Present: Chief Judge Fitzpatrick, Judges Elder and Bray
Argued at Chesapeake, Virginia


JOHN EDWARD BROGAN
                                                 OPINION BY
v.   Record No. 1478-99-1                   JUDGE LARRY G. ELDER
                                                MARCH 14, 2000
RUTH ANN CORNETTA BROGAN


         FROM THE CIRCUIT COURT OF THE CITY OF VIRGINIA BEACH
                    Robert B. Cromwell, Jr., Judge

            Steven P. Letourneau (Fine, Fine, Legum &
            Fine, on brief), for appellant.

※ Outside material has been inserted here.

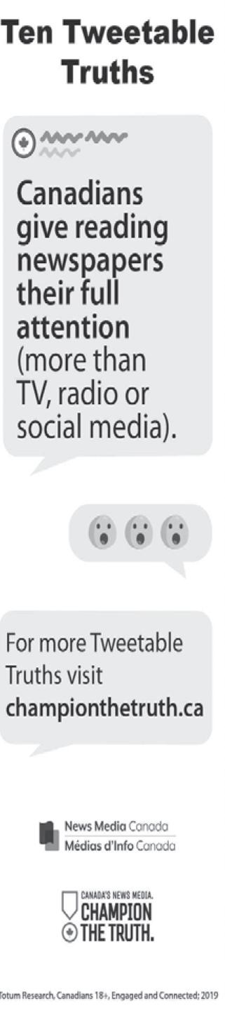 Advertisements and statements contained herein are the sole responsibility of the persons or entities that post the advertisement, and the Saskatchewan Weekly Newspaper Association and membership do not make any warranty as to the accuracy, completeness, truthfulness, or reliability of such advertisements. For greater information on advertising conditions, please consult the Association’s Blanket Advertising Conditions on our website at www.swna.com.
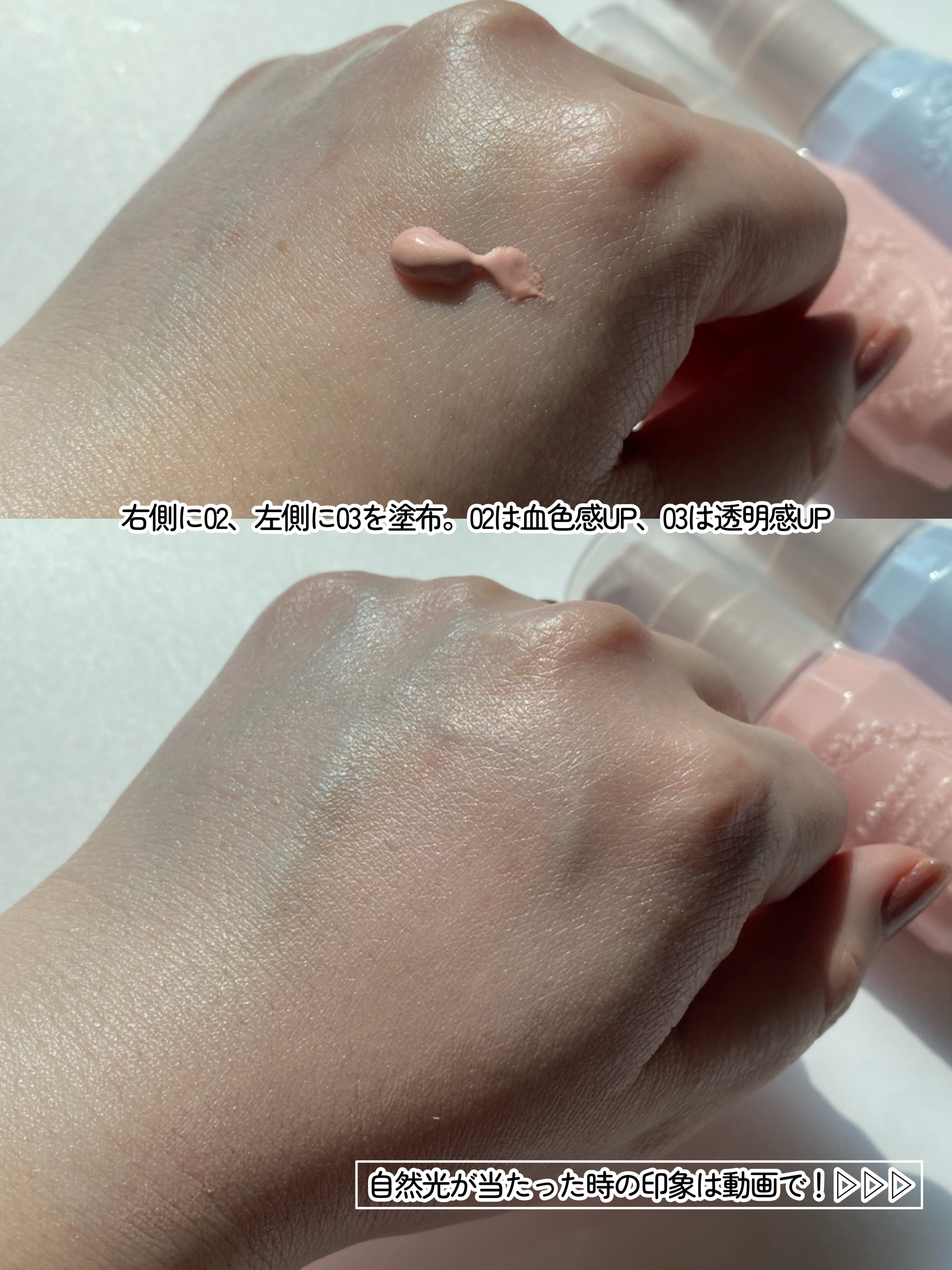 - <01 ライトベージュ> 水、ジメチコン、BG、酸化チタン、グリセリン、合成フルオロフロゴパイト、PEG-9ポリジメチルシロキシエチルジメチコン、ポリグリセリル-3ポリジメチルシロキシエチルジメチコン、メチルグルセス-20、水酸化Al、ステアリン酸、トリエチルヘキサノイン、(ジメチコン/(PEG-10/15))クロスポリマー、(ジメチコン/ビニルジメチコン)クロスポリマー、DPG、ヒアルロン酸Na、加水分解コラーゲン、スクワラン、ヒマワリ種子油脂肪酸フィトステリル、アルニカ花エキス、ラベンダー花エキス、カミツレ花エキス、ローズマリー葉エキス、オレンジ花水、ホホバ種子油、カニナバラ果実油、オリーブ果実油、(トウキ/シャクヤク/ジオウ)根/(センキュウ/ショウガ)根茎エキス、グリチルリチン酸2K、ジパルミチン酸アスコルビル、塩化Na、クエン酸Na、フェノキシエタノール、メチルパラベン、トコフェロール、ステアロイルグルタミン酸2Na、シクロペンタシロキサン、エタノール、硫酸Ba、ヒドロキシアパタイト、マイカ、酸化鉄、酸化亜鉛 <02 スウィートピンク> 水、ジメチコン、BG、酸化チタン、グリセリン、合成フルオロフロゴパイト、PEG-9ポリジメチルシロキシエチルジメチコン、ポリグリセリル-3ポリジメチルシロキシエチルジメチコン、メチルグルセス-20、水酸化Al、ステアリン酸、トリエチルヘキサノイン、(ジメチコン/(PEG-10/15))クロスポリマー、(ジメチコン/ビニルジメチコン)クロスポリマー、DPG、ヒアルロン酸Na、加水分解コラーゲン、スクワラン、ヒマワリ種子油脂肪酸フィトステリル、アルニカ花エキス、ラベンダー花エキス、カミツレ花エキス、ローズマリー葉エキス、オレンジ花水、ホホバ種子油、カニナバラ果実油、オリーブ果実油、(トウキ/シャクヤク/ジオウ)根/(センキュウ/ショウガ)根茎エキス、グリチルリチン酸2K、ジパルミチン酸アスコルビル、塩化Na、クエン酸Na、フェノキシエタノール、メチルパラベン、トコフェロール、ステアロイルグルタミン酸2Na、シクロペンタシロキサン、エタノール、硫酸Ba、ヒドロキシアパタイト、マイカ、酸化鉄、酸化亜鉛 <03 ペールブルー> 水、ジメチコン、BG、酸化チタン、グリセリン、合成フルオロフロゴパイト、PEG-9ポリジメチルシロキシエチルジメチコン、ポリグリセリル-3ポリジメチルシロキシエチルジメチコン、メチルグルセス-20、水酸化Al、ステアリン酸、トリエチルヘキサノイン、(ジメチコン/(PEG-10/15))クロスポリマー、(ジメチコン/ビニルジメチコン)クロスポリマー、DPG、ヒアルロン酸Na、加水分解コラーゲン、スクワラン、ヒマワリ種子油脂肪酸フィトステリル、アルニカ花エキス、ラベンダー花エキス、カミツレ花エキス、ローズマリー葉エキス、オレンジ花水、ホホバ種子油、カニナバラ果実油、オリーブ果実油、(トウキ/シャクヤク/ジオウ)根/(センキュウ/ショウガ)根茎エキス、グリチルリチン酸2K、ジパルミチン酸アスコルビル、塩化Na、クエン酸Na、フェノキシエタノール、メチルパラベン、トコフェロール、ステアロイルグルタミン酸2Na、シクロペンタシロキサン、トリイソステアリン酸ポリグリセリル-2、エタノール、硫酸Ba、ヒドロキシアパタイト、マイカ、グンジョウ、酸化亜鉛

            Kenneth A. Moreno (Louis W. Kershner &
            Associates, P.C., on brief), for appellee.


     John Edward Brogan (husband) appeals from an order of the

Virginia Beach Circuit Court (trial court) holding that his

obligation to pay Ruth Ann Cornetta Brogan (wife) a portion of

his federal civil service retirement pension, which obligation

was imposed by the parties' final decree of divorce, was not

dischargeable in bankruptcy.    On appeal, husband contends the

trial court lacked subject matter jurisdiction to adjudicate the

dischargeability of this obligation because exclusive original

jurisdiction rested in the bankruptcy court. 1      We hold the trial

court had concurrent jurisdiction to review the nature and


     1
       In his statement of questions to be presented, husband, an
out-of-state resident, also raised the issue of whether the
trial court properly obtained personal jurisdiction over him.
Husband has since withdrawn his appeal on this issue.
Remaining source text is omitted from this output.